Firman bercerita pendidikan residensi berlangsung dari Senin hingga Jumat. Kendati demikian, ada kalanya ia juga harus lembur di akhir pekan jika dibutuhkan. Dalam seminggu, jam kerjanya bisa mencapai 60-80 jam.

Meskipun menjalani jam kerja sekaligus pendidikan yang panjang, dokter residen seperti Firman tidak menerima bayaran. Dalam banyak kasus, para dokter ini harus mencari pekerjaan sampingan untuk biaya hidup.

Firman, misalnya, jika tidak kebagian piket jaga di IGD, ia berpraktik sebagai dokter umum di rumah sakit lain. Ini biasanya bisa berlangsung sampai subuh.

“Dari praktik dokter umum langsung berangkat lagi ke RS pendidikan. Benar-benar enggak ada tidur,” ia bercerita.

Meskipun sudah mengambil pekerjaan sampingan yang menyita banyak waktu, uang yang ia hasilkan belum cukup. Selain untuk biaya hidup, Firman harus membayar biaya perkuliahan yang tidak murah.

Biaya perkuliahan kedokteran spesialis bervariasi. Di Universitas Airlangga, uang pangkal pendidikan dipatok mulai dari Rp 10 juta hingga Rp 40 juta. Uang kuliah per semester mencapai Rp 10 juta. 

Sementara itu, Universitas Padjadjaran mematok uang pangkal Rp 10 juta - Rp 30 juta dengan uang kuliah Rp 15 juta - Rp 26 juta per semester. Sedangkan uang pangkal di Universitas Indonesia Rp 16,5 juta - Rp 75 juta dengan uang kuliah Rp 12,5 juta - Rp 22 juta per semester.
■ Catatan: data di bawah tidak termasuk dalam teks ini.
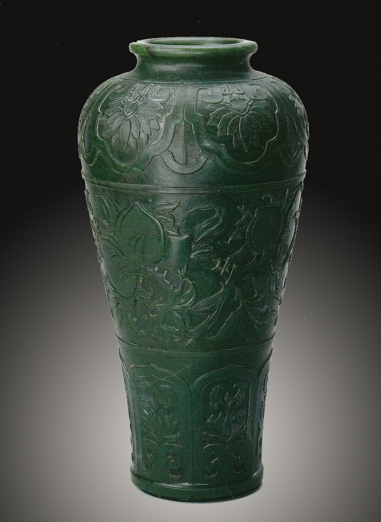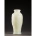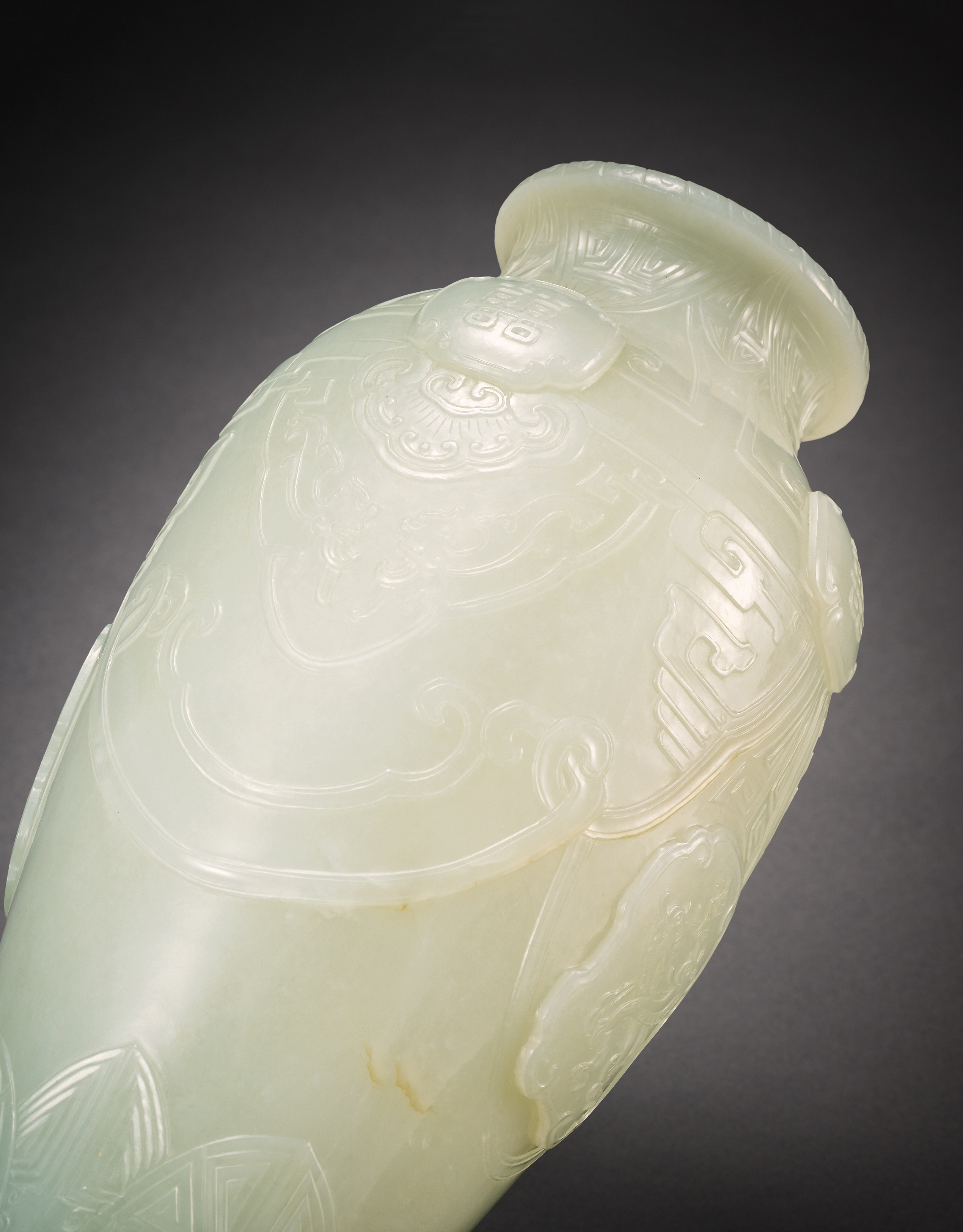 本件清乾隆白玉瓶,由和闐玉美玉精雕而成,玉質凝潔潤雅,色澤純白清朗,體量宏碩,器形挺拔莊嚴,氣度雍容不凡。通體雕飾章法嚴整,瓶肩對稱浮雕四組「囍」字團紋,環飾如意與夔龍紋,構圖繁縝,氣脈貫通,寓喜慶延年之瑞意;瓶腹兩側對稱開光,內飾「卍」字、綬帶與鯰魚,構成「福壽萬年」主題,寓長壽富貴、萬年安泰之吉祥,盡顯乾隆朝玉雕構制之嚴謹與美學意涵之完備。

Selama empat tahun menempuh pendidikan spesialis, Firman harus memutar otak untuk menekan biaya hidup. Ia, misalnya, memilih untuk tinggal bersama mertuanya demi menghemat biaya tempat tinggal. Sementara untuk keperluan lain, dia bergantung pada pendapatan istrinya.

“Hidup saya pas-pasan banget saat Program Pendidikan Dokter Spesialis,” ujarnya.
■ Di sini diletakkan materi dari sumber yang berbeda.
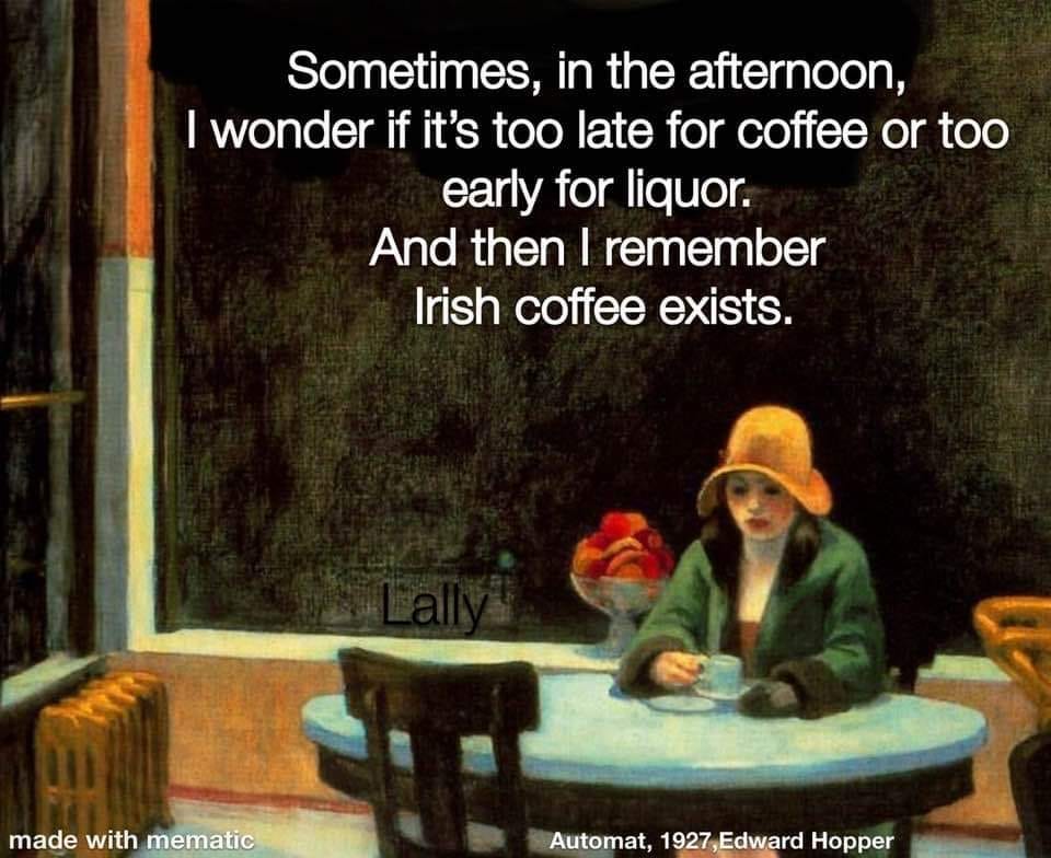 If it's too late for coffee and too early for booze, then you might try coca tea (Dellise is a great brand out of Peru.) Of course, I would never drink it unless de-cocainized, although it sure does make the mouth tingle. 8^)
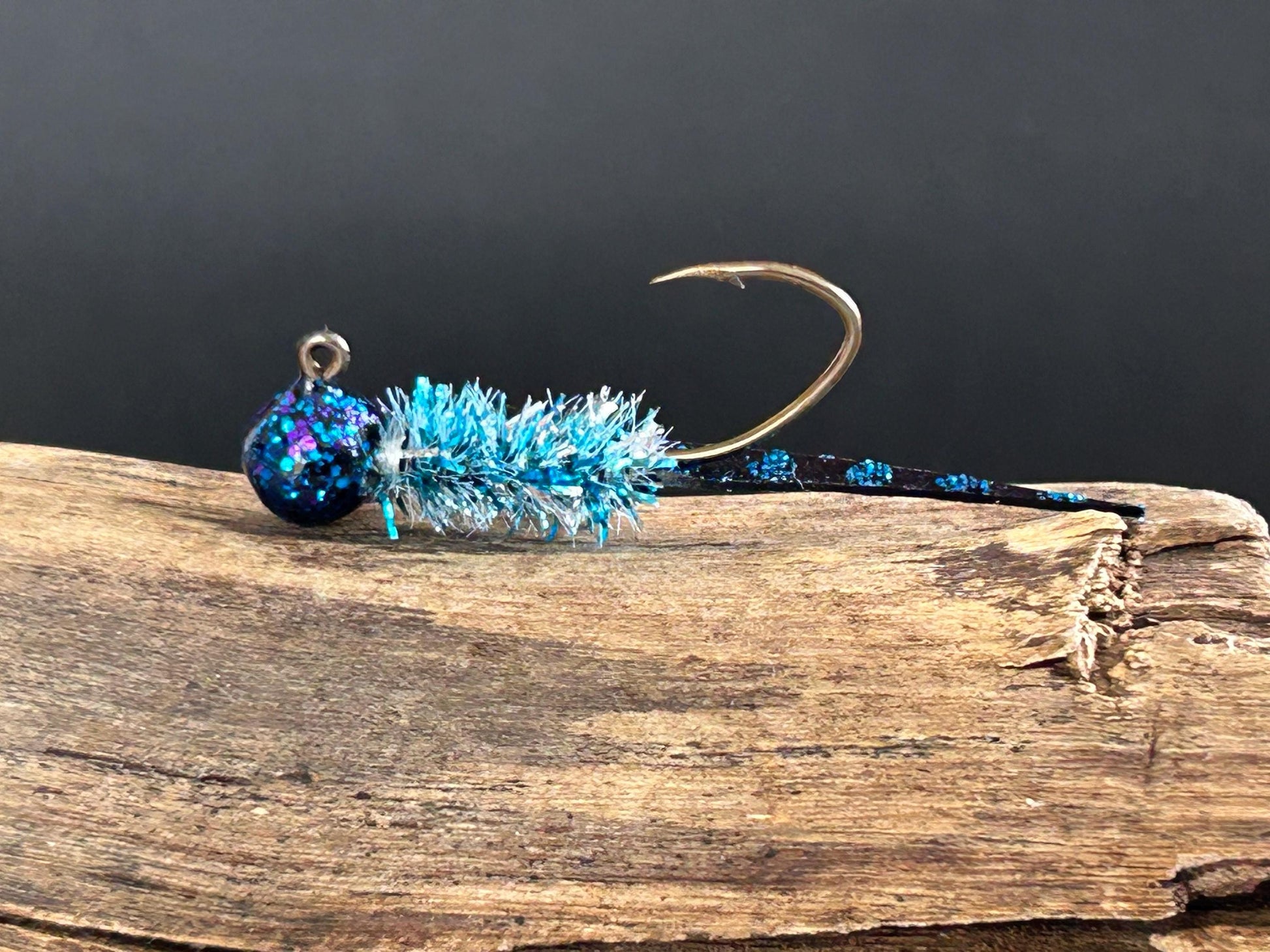 1/8oz sickle hook #2 or 1/16 oz sickle hook #4 or 1/32 oz sickle hook #6

Tantangan menempuh pendidikan dokter spesialis bukan cuma soal jam kerja yang panjang dan biaya hidup pas-pasan. Dokter spesialis penyakit jantung dan pembuluh darah, Erta Priadi Wirajaya, berkisah soal senioritas yang masih sangat kental selama menempuh pendidikan spesialis.
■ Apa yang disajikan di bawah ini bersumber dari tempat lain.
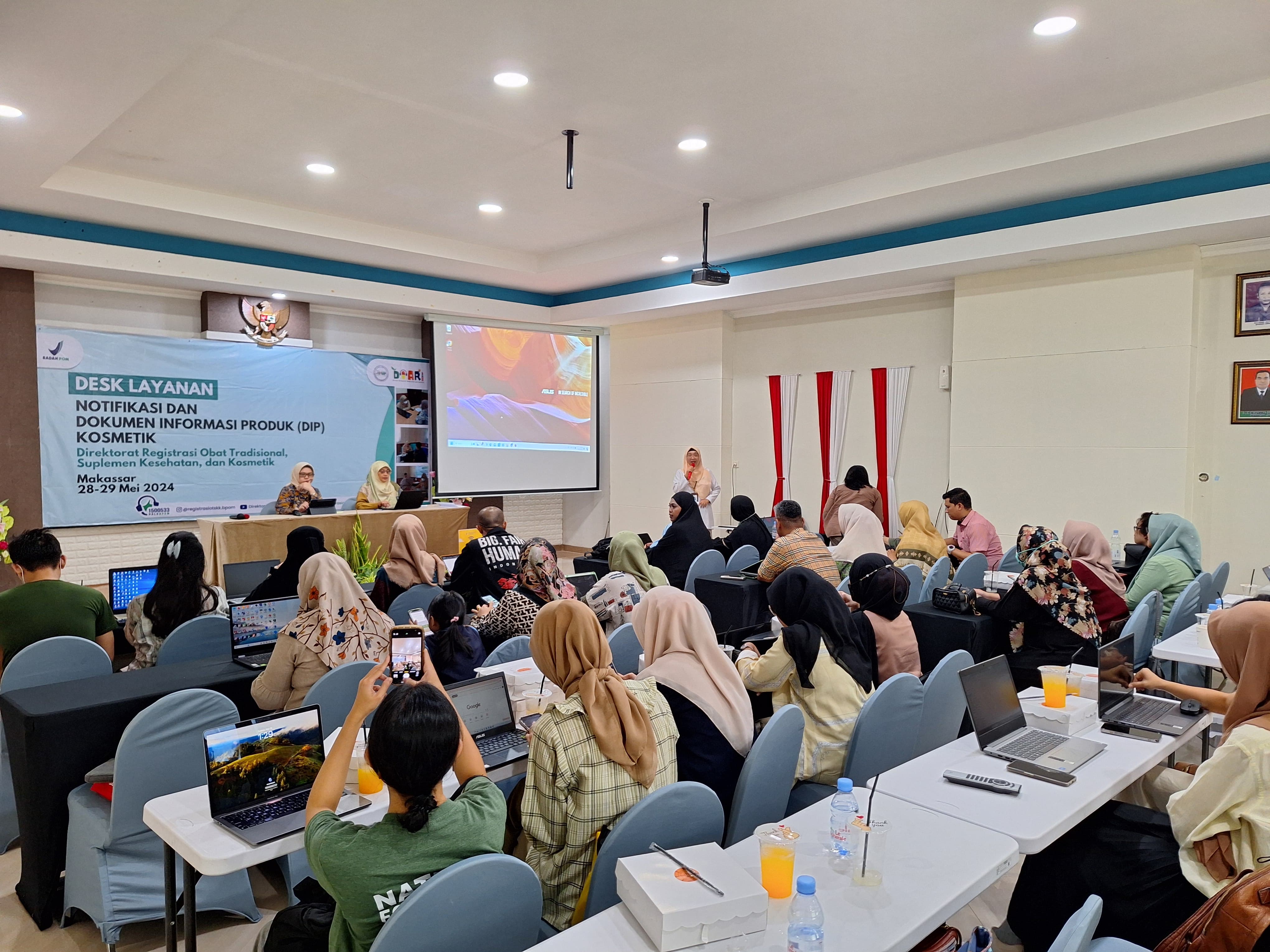 Dalam rangka meningkatkan pemahaman dan pengetahuan pelaku usaha kosmetik terkait regulasi, prosedur pengajuan Notifikasi Kosmetik, penyiapan Dokumen Informasi Produk (DIP) dan tindak lanjut hasil audit DIP, dilaksanakan kegiatan Desk Layanan Notifikasi dan DIP Kosmetik di Balai Besar POM di Makassar pada tanggal 28-29 Mei 2024. Kegiatan yang dilaksankan terdiri dari sosialisasi notifikasi kosmetik dan tata cara penyusunan DIP kosmetik serta desk layanan konsultasi.

Erta menjelaskan, dokter residen tahun pertama memang tidak diperbolehkan memegang pasien. Kebanyakan mereka masih bekerja di bawah bimbingan dokter yang tingkatannya sudah lebih tinggi.  “Banyak juga yang diminta mengerjakan tugas seniornya,” kata Erta.

Belum lagi soal biaya lain-lain yang bisa bikin pengeluaran dokter residen membengkak.  “Misalnya residen tahun pertama ada yang suka disuruh membayarkan makanan seniornya,” tutur Erta.

Meskipun terkesan receh, biaya-biaya tak terduga ini bisa sangat membebani dokter residen. Selain biaya uang kuliah dan biaya hidup, dokter residen juga harus membayar biaya penelitian, membeli buku, dan lain sebagainya. 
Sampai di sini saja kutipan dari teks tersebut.